Russ’s vision resolved, and the vale lifted. He raised his hammer. His Light couldn’t touch the top of the monolithic maw that stood open before them—fifty feet high, at least—as Russ beheld what the presence had tried to show him over the last few days. The haze shimmered, and a lackluster glow reached them from the cave’s throat.
“Yeah, that’s more like it,” said Kendra. “Warm, too.”
Burth followed Russ’s gaze to the top of the entrance. His ears draped to the ground behind him. “Itchy.”
“This is it, Kendra,” said Russ.
“Ya think? Cripes, this is fucked. Especially now that I’m here in person.”
“In person is right,” Willa said. Her ears flicked against unseen touches, laid flatter against her head.
Most everything in Russ told him to stay away, and again he tamped down the impulse to run. If they found D’niqa, which they likely would at the back of this cave, they could finish this War before most anyone even believed it began.
“Stay out here,” Russ said to Willa. “We need you outside.”
“Yeah,” she answered, then she looked at him. “I’m fine ei
ther way, ya know.”
“Need someone to make sure we don’t get ambushed heading in.” Russ looked around the cave’s entrance. He couldn’t see the hole he’d kicked into the serrens’ tunnels just a few meters back. “Don’t know what all’s roamin out here. Be careful.”
“Very reassuring, Russ,” said Kendra.
“Don’t worry,” Willa said. “Ah—I’ll be fine.”

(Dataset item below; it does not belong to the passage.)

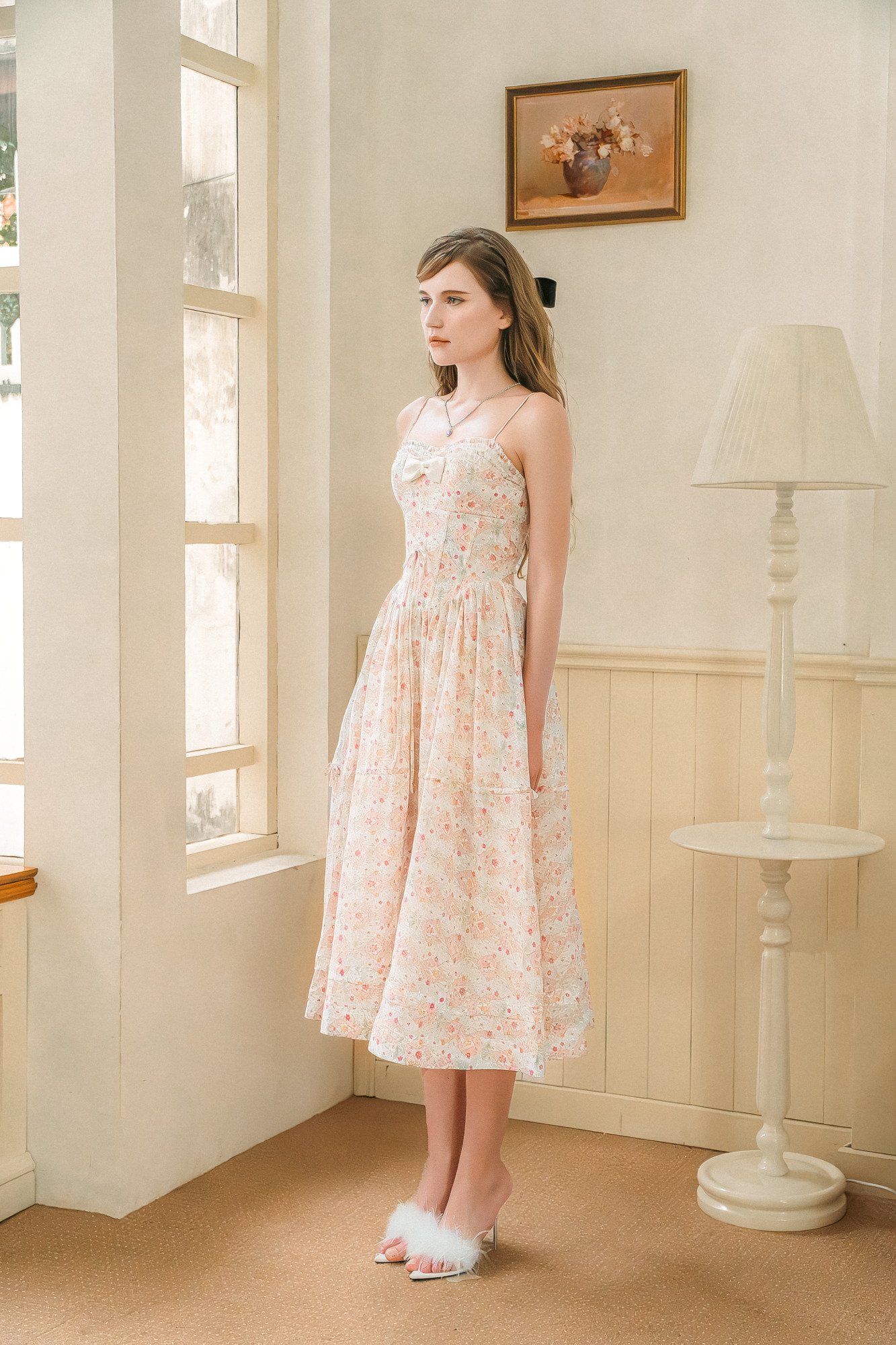 Thiết kế: Thân trên may 2 lớp, bèo nhún vintage; corset đính nơ tinh tế tôn vòng eo; dáng xoè nhẹ nhàng nữ tính.

“Anything,” Russ said, “and you go. Don’t play hero for us.”
Willa’s face remained placid. She nodded. Russ took one step forward, then another, his boots kerlinking against the rock underfoot. The world outside drowned away, and the world of the demons pulled him forward.
“Stay if you want, you sniveling beast.” Kendra sounded a dozen meters behind, yet Russ turned and saw his party only three steps back.

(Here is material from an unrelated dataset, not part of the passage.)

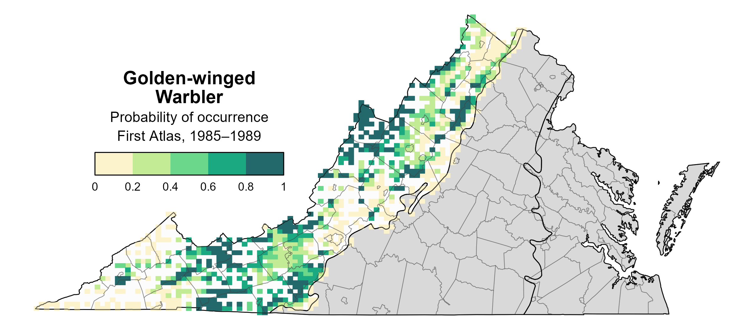 Figure 2: Golden-winged Warbler breeding distribution based on probability of occurrence (First Atlas, 1985–1989). This map indicates the probability that this species will occur in an Atlas block (an approximately 10 mi2 [26 km2] survey unit) based on environmental (including habitat) factors and after adjusting for the probability of detection (variation in survey effort among blocks). Blocks in white were not surveyed during the First Atlas and were not modeled. Blocks in gray are outside the species’ core range and were not modeled.

Burth padded a few steps further inside, then stopped, his face ablaze with alarm. “I wait here with catgirl.” His mousy brown fur rustled as the air moved, and he squinted his eyes each time against the exhalations. “New friends. Good.” He stuffed another piece of jerky into his mouth.
Kendra looked at Russ, a confused scowl across her face.
“Just you and me,” he said. Kendra joined him, and they walked into a maw of hell.
3
A basso evil from depths unimaginable came to Russ. It started light as fume, yet it rose to a thunderous range and impressed upon him images of entire cities laid waste, scorched land left in its stead, and victims whipped and tortured under demonic ministrations of flogs, claws and teeth, and Fel magic.
Russ traced a finger over a rune on his armor. “We are the Light in the darkness,” he whispered to himself. The voice wavered away from him. “The Light where it cannot go.”
Kendra peered over her shoulder. “It’s not getting closer.” She sounded calm. “What if this is the trap? A chronal paradox?”
The cave’s walls pinched and pulled from themselves with vapid periodicity. At the narrowest, Russ and Kendra couldn’t even walk abreast, but when it widened, the blackness pulled away from them until it seemed like they walked on nothing, surrounded by the same, and the point at the end got no closer for their effort.